Supplied data:
___

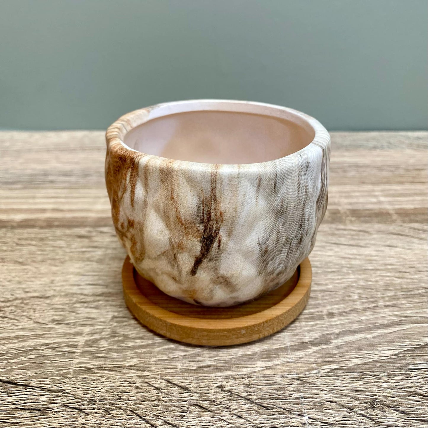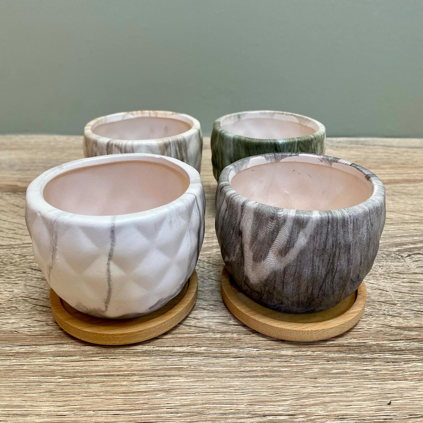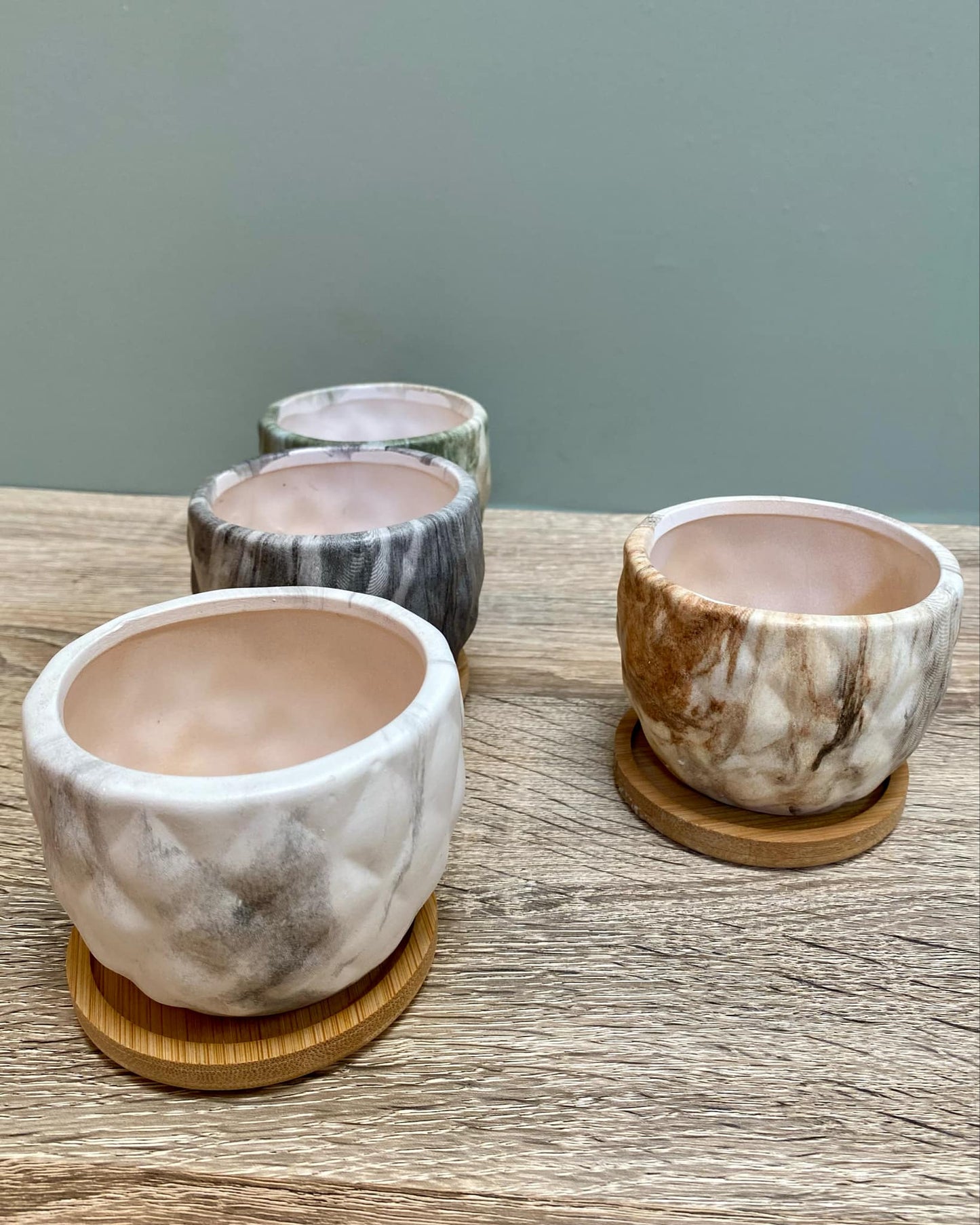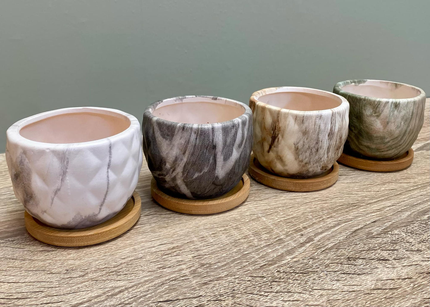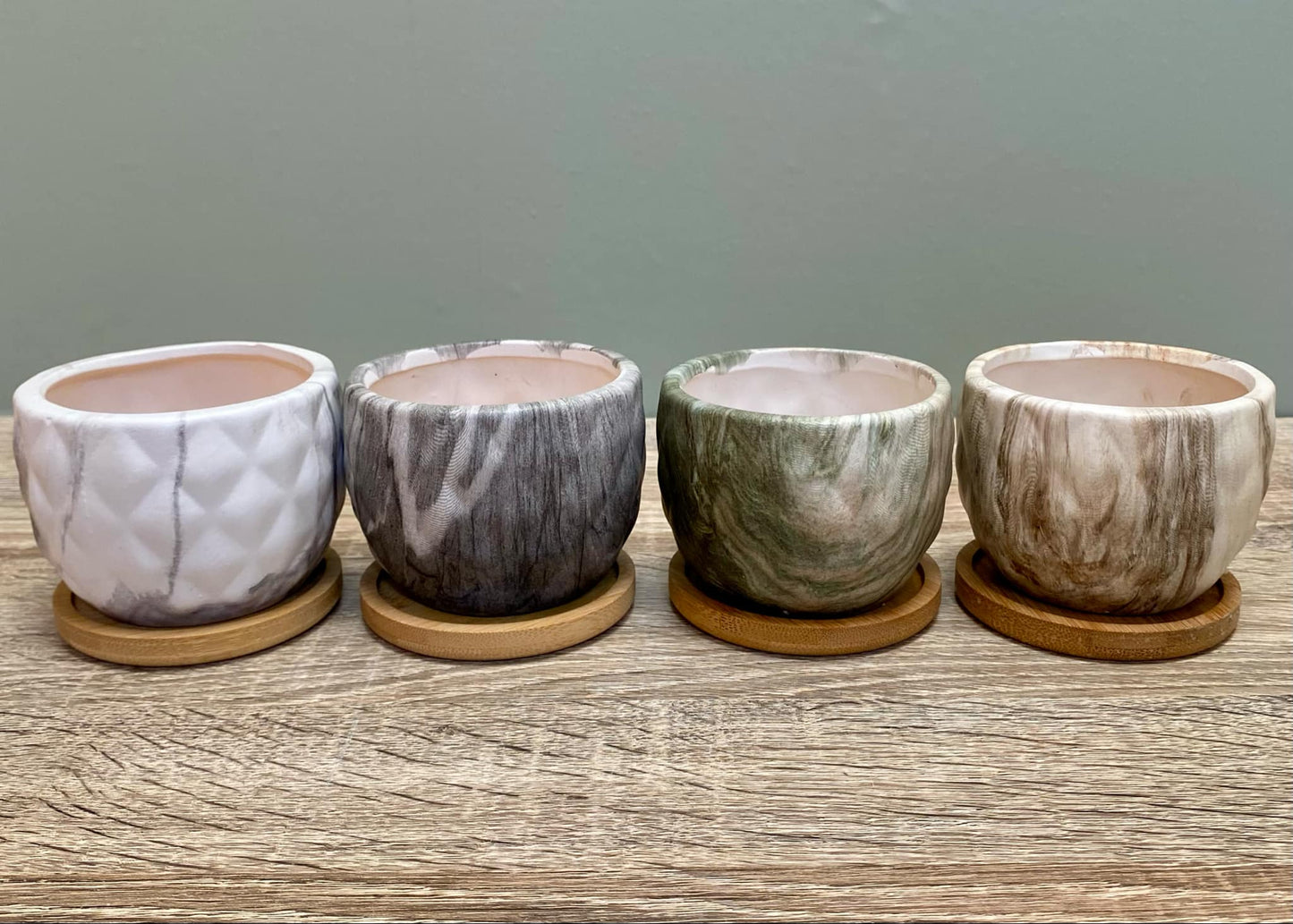 • Each plant pot comes with a bamboo tray to hold any water.
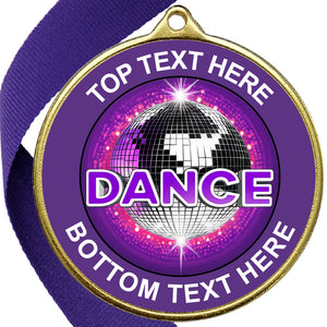 A gold 50mm Metal medal with a full size custom printed vinyl centre with your chosen Dance design along with a 22mm woven ribbon.
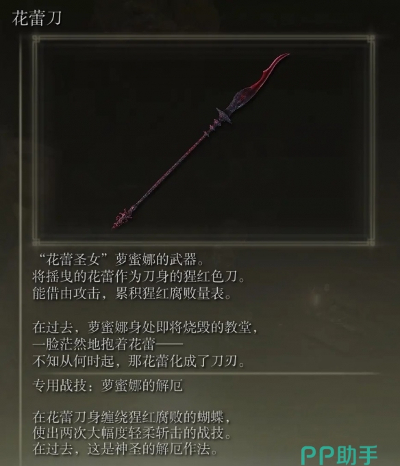 花蕾圣女罗蜜娜手上的那把花蕾刀,有着被猩红污染的外观,作为长刀攻击距离也相当不错,并且用起来也不是那么沉重。战技会让玩家发出两段具有蝴蝶特效的斩击,穿插在玩家的连招中也十分丝滑,在众多传说武器中,这把刀的手感显得相当不错,值得去进行兑换。

___

Problem: Once the pictures are dropped, please print every remaining line of the material verbatim.

Expected answer:
 • Each plant pot comes with a bamboo tray to hold any water.
 A gold 50mm Metal medal with a full size custom printed vinyl centre with your chosen Dance design along with a 22mm woven ribbon.
 花蕾圣女罗蜜娜手上的那把花蕾刀,有着被猩红污染的外观,作为长刀攻击距离也相当不错,并且用起来也不是那么沉重。战技会让玩家发出两段具有蝴蝶特效的斩击,穿插在玩家的连招中也十分丝滑,在众多传说武器中,这把刀的手感显得相当不错,值得去进行兑换。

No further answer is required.